Keeping warm and cool: The vents also bring back a 1970s feel — really wide low ducts blast the air at you from the middle. I was almost expecting to see slider controls beneath them, and perhaps a speedometer needle that tracks from left to right.

Play some tunes: Fortunately, we get more than an AM mono unit with one dashboard speaker, but Toyota still needs to join us in 2018. Its infotainment systems don't come with GPS pre-installed, and CarPlay is not available. Sirius XM is also not available.

Furthermore, the Camry dashboard design continues the Toyota tradition of odd lines merging together around the stereo as well — a look that dates back at least to Mr. Driver's Seat's 2011 Sienna.

Nice silver buttons control most functions, and then a small, somewhat blurry touchscreen takes it from there. This seems acceptable in a $16,000 Corolla IM but not in a $30,000 Camry.

Friends and stuff: The rear seat is not as spacious as I expected. Legroom is OK but not astounding; headroom is actually a little tight, thanks to that pretty roofline curve. The center passenger isn't treated too badly, though.

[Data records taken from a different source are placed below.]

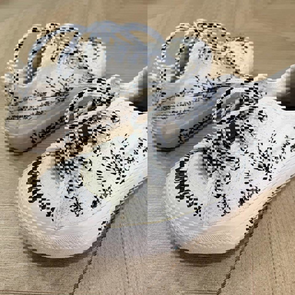 Белые canvas-кеды с заводским doodle-принтом. Оригинал, не кастом. Состояние хорошее, без серьёзных дефектов.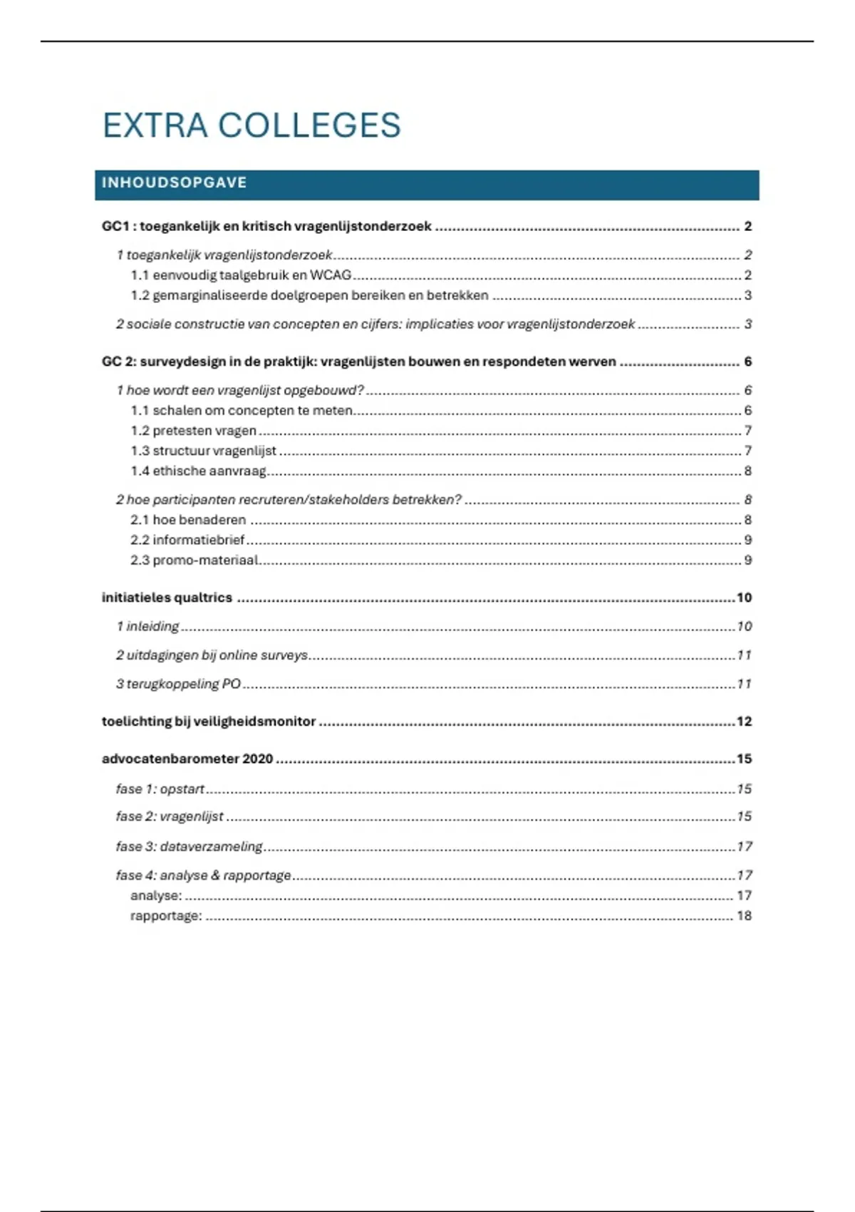 GC 2: surveydesign in de praktijk: vragenlijsten bouwen en respondeten werven ............................ 6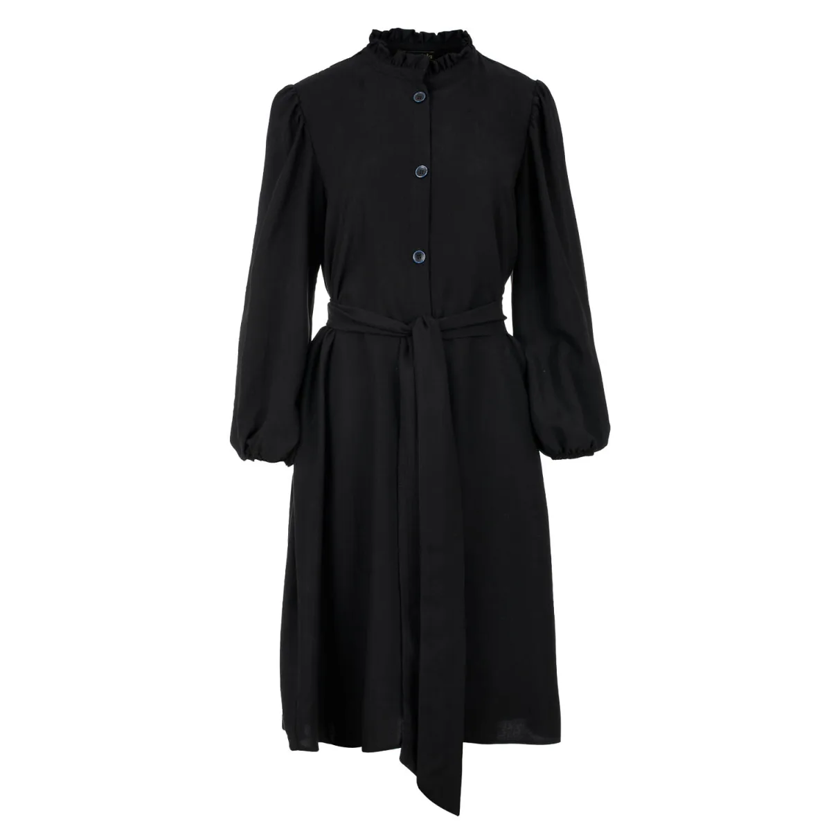 Deze zwarte jurk met lange mouwen is gemaakt van geweven tencel. Er zitten plooitjes op de schouders en elastiek aan de manchetten waardoor plooitjes ontstaan. Het heeft een ronde, gesloten halslijn met een opstaande kraag met ruches. De jurk heeft een sluiting aan de voorkant met decoratieve knopen. De jurk kan met of zonder ceintuur gedragen worden. De ceintuur is inbegrepen.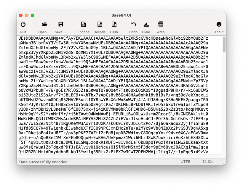 Eine besondere Stärke liegt in der Verarbeitung von Binärdaten und großen Dateien. Als Desktop Anwendung hat Base64 UI Zugriff auf das Dateisystem und kann somit problemlos große Dateien, wie ZIP Archive oder Videos und Fotos öffnen und kodieren. Aufgaben, an denen die meisten Online Konverter scheitert.
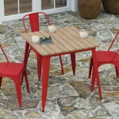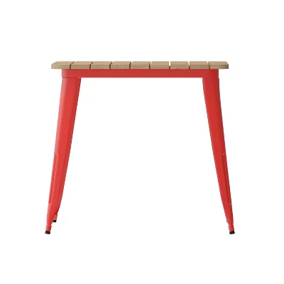 Refresh the look of your indoor or outdoor spaces with the stylish design of this 31.5″ square dining table. Featuring a slatted poly resin top paired with a steel frame this contemporary yet rustic table will blend in almost any decor. Thoughtfully crafted with a poly resin top and a 20 gauge steel frame that will hold up to 300 lbs. static weight this patio table ideal for year round use. Pair with other items in the collection for a cohesive look throughout your home.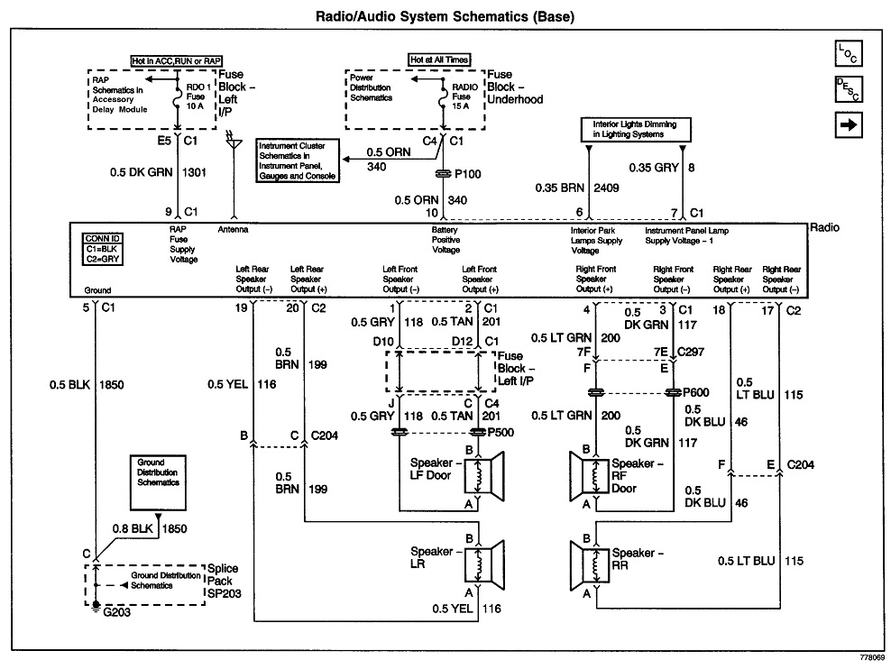 If everything still works with the radio not installed, this diagram is for the base model. Per their standardized wiring color codes, the orange wire is hot all the time. That's for the station presets and clock memory. The dark green wire is the switched 12 volts from the ignition switch.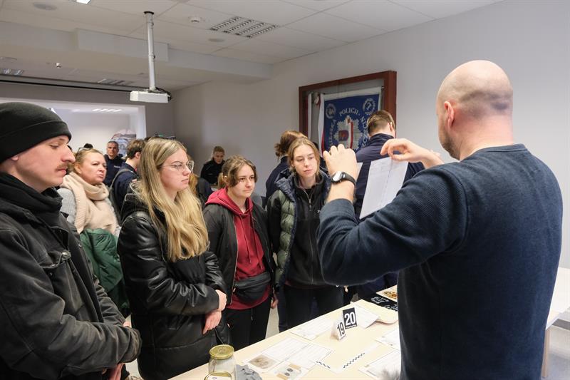 Osoby odwiedzające KMP w Szczecinie miały również możliwość porozmawiania z funkcjonariuszami z Wydziału Kadr i Szkolenia na temat procedur związanych z doborem do służby w policji.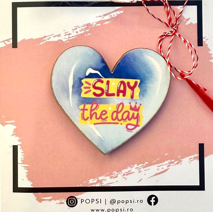 „Brosa martisor din lemn – Inima Slay the day”  în librăriile Cărturești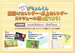 2025年12月17日(水)までのキャンペーン期間中に、公式サイトの特設ページにアクセスをした上でCLUB DAIKINに登録していない人は登録をした上で応募フォームから応募をすると、後日抽選で合計1,200名に『ダイキン 2026年 ぴっちょくん 壁掛けカレンダー or 卓上カレンダー or スケジュール帳』が当たる、プレゼントキャンペーンとなっています。

The seatback itself, though, leaves a lot to be desired. Très uncomfortable.

Cargo space is 15.1 cubic feet.

Fuel economy: I averaged about 33 mpg in the usual Mr. Driver's Seat round of testing, pretty darn good.

Where it's built: Georgetown, Ky.

How it's built: Consumer Reports predicts the Camry reliability to be a 4 out of 5.

In the end: I have nothing against Toyota — I own one and Sturgis Kids 1.0 through 3.0 each own one as well, at my recommendation. But does the Camry have to be so blah?